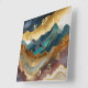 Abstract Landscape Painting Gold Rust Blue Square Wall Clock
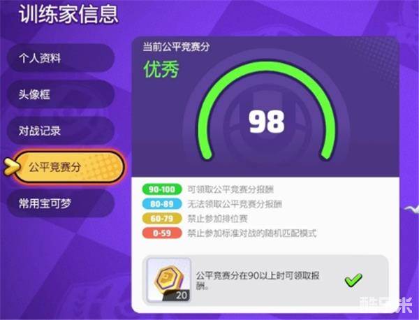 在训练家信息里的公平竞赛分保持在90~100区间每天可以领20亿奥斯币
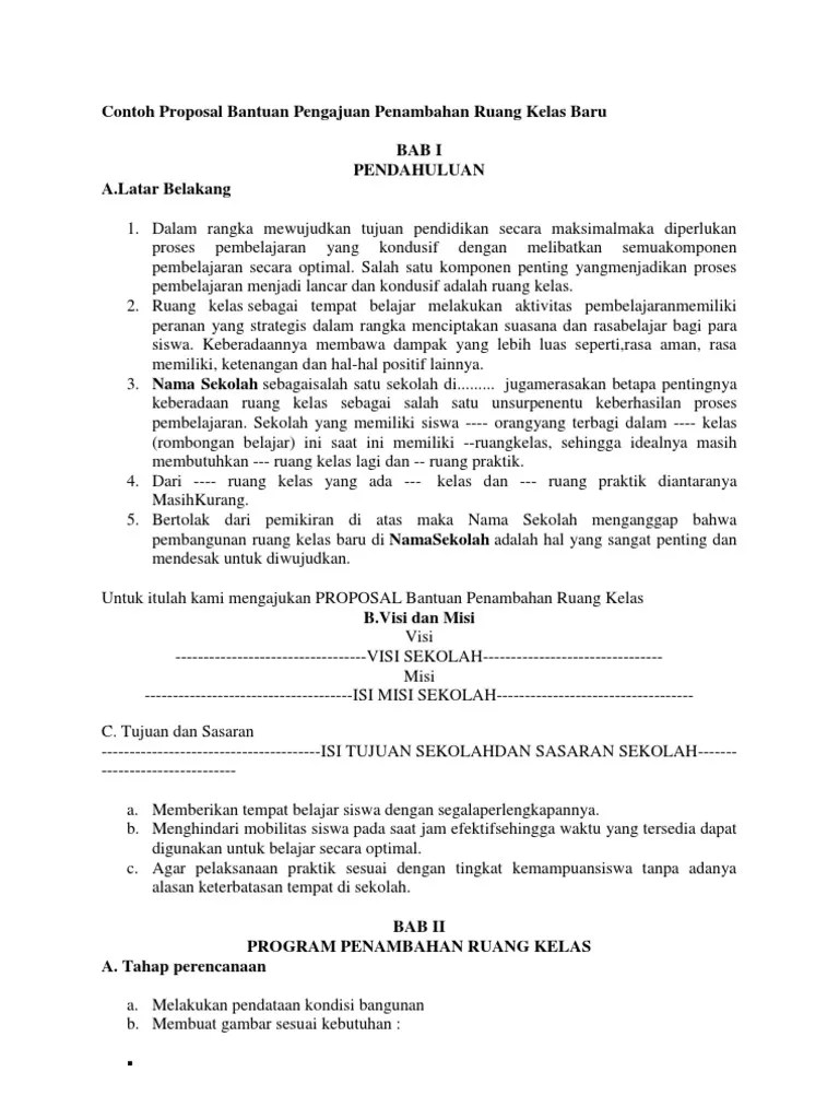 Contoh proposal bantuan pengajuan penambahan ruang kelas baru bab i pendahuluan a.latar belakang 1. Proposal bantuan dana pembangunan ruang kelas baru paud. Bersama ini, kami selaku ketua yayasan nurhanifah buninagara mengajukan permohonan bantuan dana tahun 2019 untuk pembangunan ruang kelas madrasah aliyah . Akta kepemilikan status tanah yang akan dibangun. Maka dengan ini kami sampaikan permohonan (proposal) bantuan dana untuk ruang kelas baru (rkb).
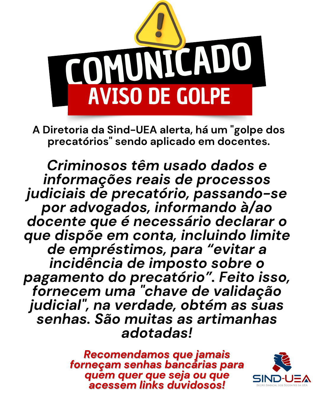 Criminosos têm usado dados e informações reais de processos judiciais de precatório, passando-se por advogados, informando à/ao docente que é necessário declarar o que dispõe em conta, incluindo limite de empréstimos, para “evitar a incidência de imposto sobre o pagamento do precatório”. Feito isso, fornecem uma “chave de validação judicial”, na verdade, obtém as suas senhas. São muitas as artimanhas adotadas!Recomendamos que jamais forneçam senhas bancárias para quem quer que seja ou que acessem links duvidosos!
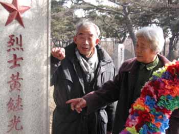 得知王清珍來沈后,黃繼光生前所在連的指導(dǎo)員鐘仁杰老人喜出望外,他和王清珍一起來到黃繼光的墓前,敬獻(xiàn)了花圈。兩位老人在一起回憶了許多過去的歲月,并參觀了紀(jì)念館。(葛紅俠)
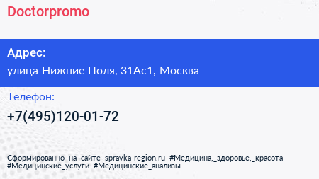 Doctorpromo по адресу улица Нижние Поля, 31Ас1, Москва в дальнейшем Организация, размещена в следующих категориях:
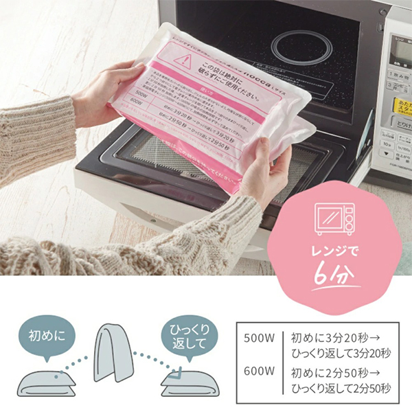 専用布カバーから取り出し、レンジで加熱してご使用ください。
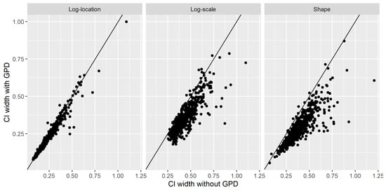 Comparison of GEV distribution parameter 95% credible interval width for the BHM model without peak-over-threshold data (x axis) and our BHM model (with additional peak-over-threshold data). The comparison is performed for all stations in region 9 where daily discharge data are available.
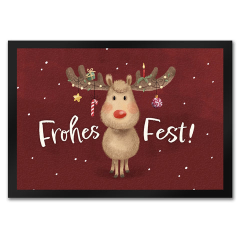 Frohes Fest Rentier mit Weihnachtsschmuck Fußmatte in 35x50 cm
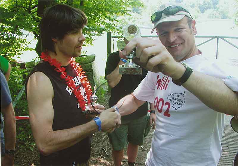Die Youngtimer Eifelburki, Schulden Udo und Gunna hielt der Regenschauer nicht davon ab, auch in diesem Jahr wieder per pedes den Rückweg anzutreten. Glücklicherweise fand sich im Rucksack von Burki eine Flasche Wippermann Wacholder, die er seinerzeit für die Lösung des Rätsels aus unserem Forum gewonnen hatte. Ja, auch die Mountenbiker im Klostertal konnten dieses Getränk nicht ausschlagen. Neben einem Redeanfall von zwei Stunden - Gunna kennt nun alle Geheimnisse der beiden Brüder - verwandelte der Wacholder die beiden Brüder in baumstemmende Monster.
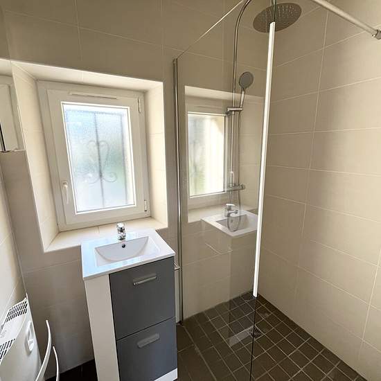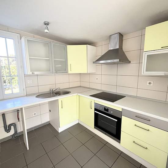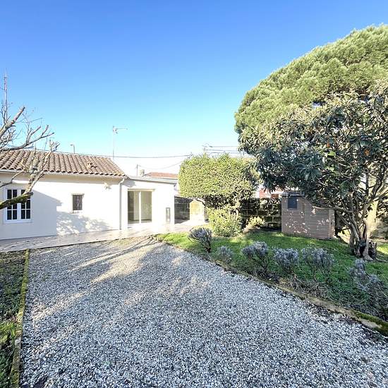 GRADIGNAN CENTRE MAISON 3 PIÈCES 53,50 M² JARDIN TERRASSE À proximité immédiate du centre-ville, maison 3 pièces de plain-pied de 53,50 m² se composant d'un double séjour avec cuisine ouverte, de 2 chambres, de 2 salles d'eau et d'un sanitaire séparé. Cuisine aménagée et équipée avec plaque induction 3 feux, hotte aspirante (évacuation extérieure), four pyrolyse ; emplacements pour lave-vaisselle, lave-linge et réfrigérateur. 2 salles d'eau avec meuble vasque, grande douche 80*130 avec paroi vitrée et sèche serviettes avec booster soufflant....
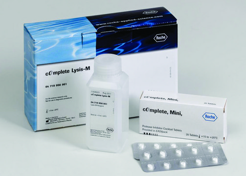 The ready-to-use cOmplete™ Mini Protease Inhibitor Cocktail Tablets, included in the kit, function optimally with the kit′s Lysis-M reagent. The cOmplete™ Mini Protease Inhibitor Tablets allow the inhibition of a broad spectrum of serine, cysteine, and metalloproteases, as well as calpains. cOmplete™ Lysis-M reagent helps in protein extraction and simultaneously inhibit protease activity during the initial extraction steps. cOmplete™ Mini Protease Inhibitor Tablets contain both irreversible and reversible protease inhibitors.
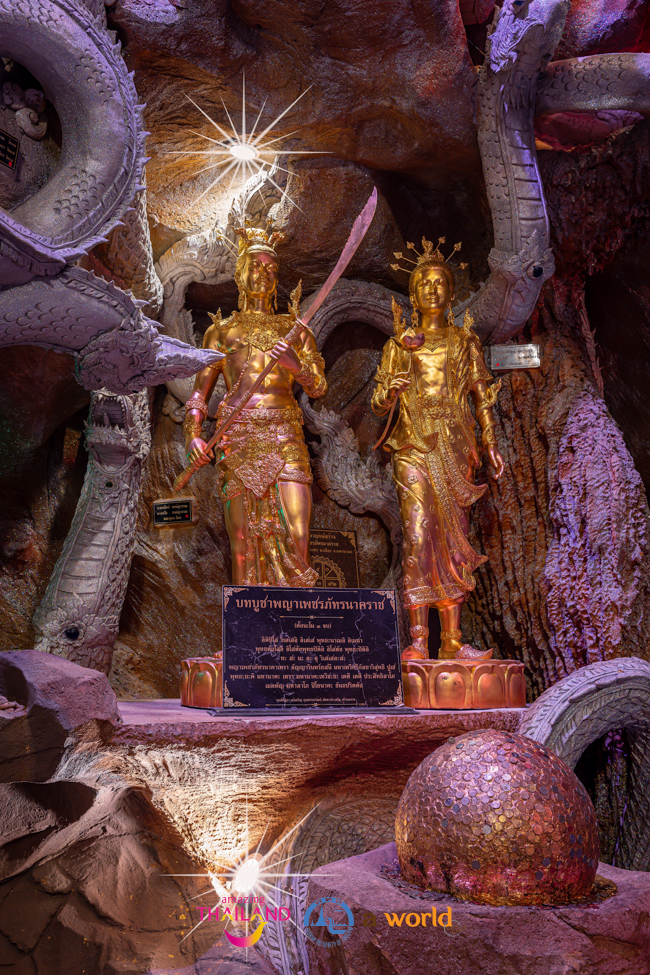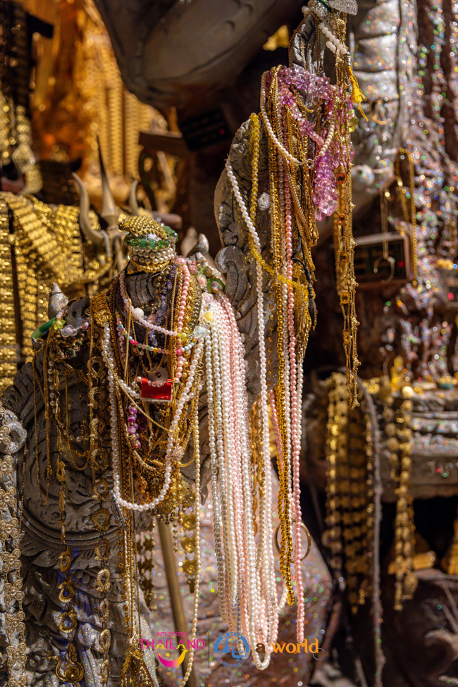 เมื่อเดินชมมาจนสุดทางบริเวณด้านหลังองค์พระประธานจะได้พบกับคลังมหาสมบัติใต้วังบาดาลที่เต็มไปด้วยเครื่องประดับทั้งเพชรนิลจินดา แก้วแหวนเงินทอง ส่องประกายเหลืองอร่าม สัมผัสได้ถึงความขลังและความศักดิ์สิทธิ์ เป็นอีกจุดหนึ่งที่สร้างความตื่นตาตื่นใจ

◆ ◆ ◆ ◆

• Required action
Copy the lines above exactly, starting at the one with "Frohes Fest Rentier" and ending at the one with "Die Youngtimer Eifelburki, Schulden", both included. Leave out any pictures and add nothing else.

• Response to the exercise
 Frohes Fest Rentier mit Weihnachtsschmuck Fußmatte in 35x50 cm
Die Youngtimer Eifelburki, Schulden Udo und Gunna hielt der Regenschauer nicht davon ab, auch in diesem Jahr wieder per pedes den Rückweg anzutreten. Glücklicherweise fand sich im Rucksack von Burki eine Flasche Wippermann Wacholder, die er seinerzeit für die Lösung des Rätsels aus unserem Forum gewonnen hatte. Ja, auch die Mountenbiker im Klostertal konnten dieses Getränk nicht ausschlagen. Neben einem Redeanfall von zwei Stunden - Gunna kennt nun alle Geheimnisse der beiden Brüder - verwandelte der Wacholder die beiden Brüder in baumstemmende Monster.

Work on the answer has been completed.